Он опять развязал свой мешочек, отломил еще кусок хлеба, в полный захват руки, дал мальчишке, потом дал ему хлебнуть из бутылки молока – сколько в него влилось.
Они пошли вперед и не скоро, но все-таки без остановки прошли версты две, и мальчишка, отставая, отставая от Петра Васильевича, снова сел на дорогу.

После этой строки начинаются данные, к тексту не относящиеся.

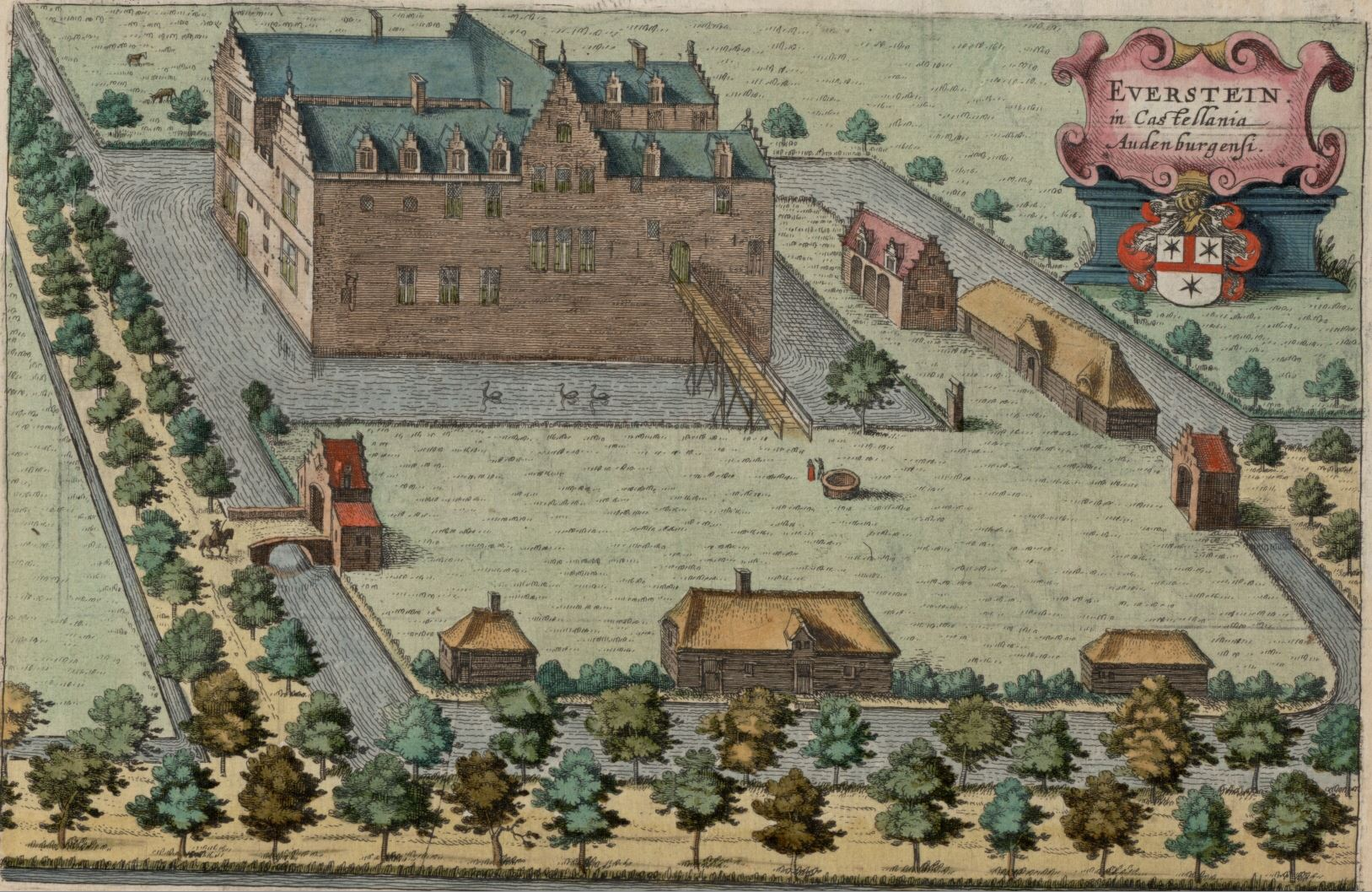 Everstein Wondelgem Sanderus kleur

Опять пришлось дать ему хлеба и напоить молоком.
И так он скормил малому весь свой хлеб и споил ему все молоко – полностью истратил свой запас на предстоящий день и на обратную пешую дорогу, но все-таки привел пацана на станцию. Нести пустую бутылку не было смысла, Петр Васильевич бросил ее в придорожную канаву, а мешочек, сложив, сунул в карман.
У самой станции они расстались. Петр Васильевич взял направление в центр поселка, к райсобесу. Он уже опаздывал к назначенному часу и озабоченно думал – примут ли его, а ну как заставят приходить назавтра, и, значит, путешествовать ему в район еще раз. Мальчишка, мелко перебирая босыми ногами, побрел к вокзальному зданию, платформе. Доехал ли он до города, что с ним стало потом? Имени его Петр Васильевич не спросил…

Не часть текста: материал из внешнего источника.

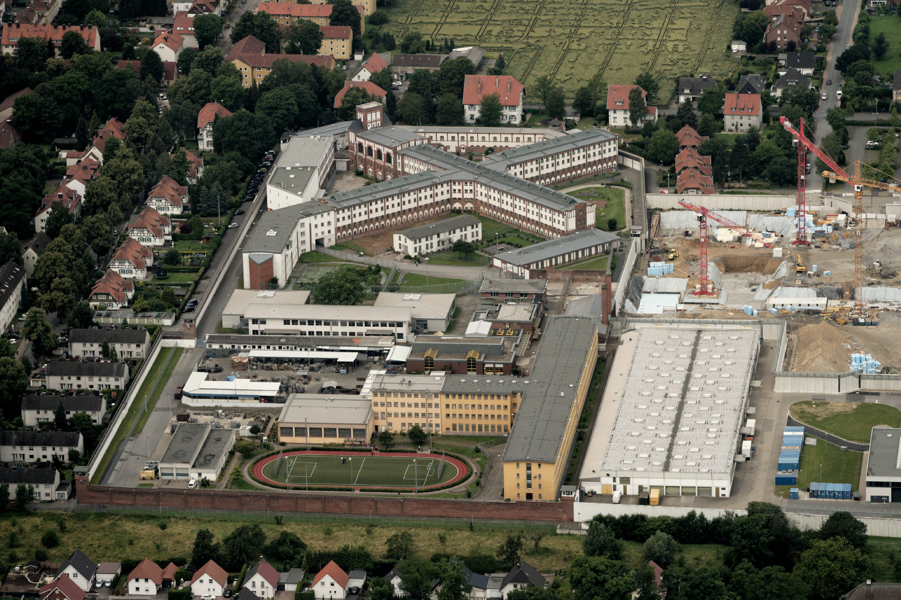 Justizvollzugsanstalt Werl (Fotoflug Sauerland Nord) The making of this document was supported by the Community-Budget of Wikimedia Germany.

Какой-то человек опускался по дороге к мостику на другой стороне лощины. В белой рубашке, белой парусиновой фуражечке, из тех, что шьют для курортников, с тощим рюкзачком за плечами.
Петр Васильевич прищурился, вгляделся – кто же это? Идет не спеша, будто ничто его не торопит… И походка, и облик – все у человека такое, что не похож он на своего, местного.
Человек ступил на мостик, и тут только Петр Васильевич его узнал. Феоктист Сергеич! С самой весны не видал его он, даже соскучился!
Феоктист Сергеич тоже узнал Петра Васильевича. Добрая стариковская улыбка поползла по его обтянутому дряблой кожей лицу, растягивая ее в одних местах, в других нагоняя сухие, мелкие морщины.
– А я дружка вашего, Митрофана, сегодня допрашивал – что ж это Петр Васильевич-то, скоро ли увидим? – еще с моста заговорил Феоктист Сергеич. – Капиталку, говорит, ему делают, а это дело не скорое… Ну, как она – капиталка?
– В ажуре. И подшипники коренные перетянули, и поршня заменили… – в тон Феоктисту Сергеичу усмехнулся Петр Васильевич. – Может, и доживем, что человека, как машину, будут чинить!
– Нет, уж такого, я думаю, не настанет… Сердце, что ни говори, новое не пришьешь. Хоть такие опыты и делают.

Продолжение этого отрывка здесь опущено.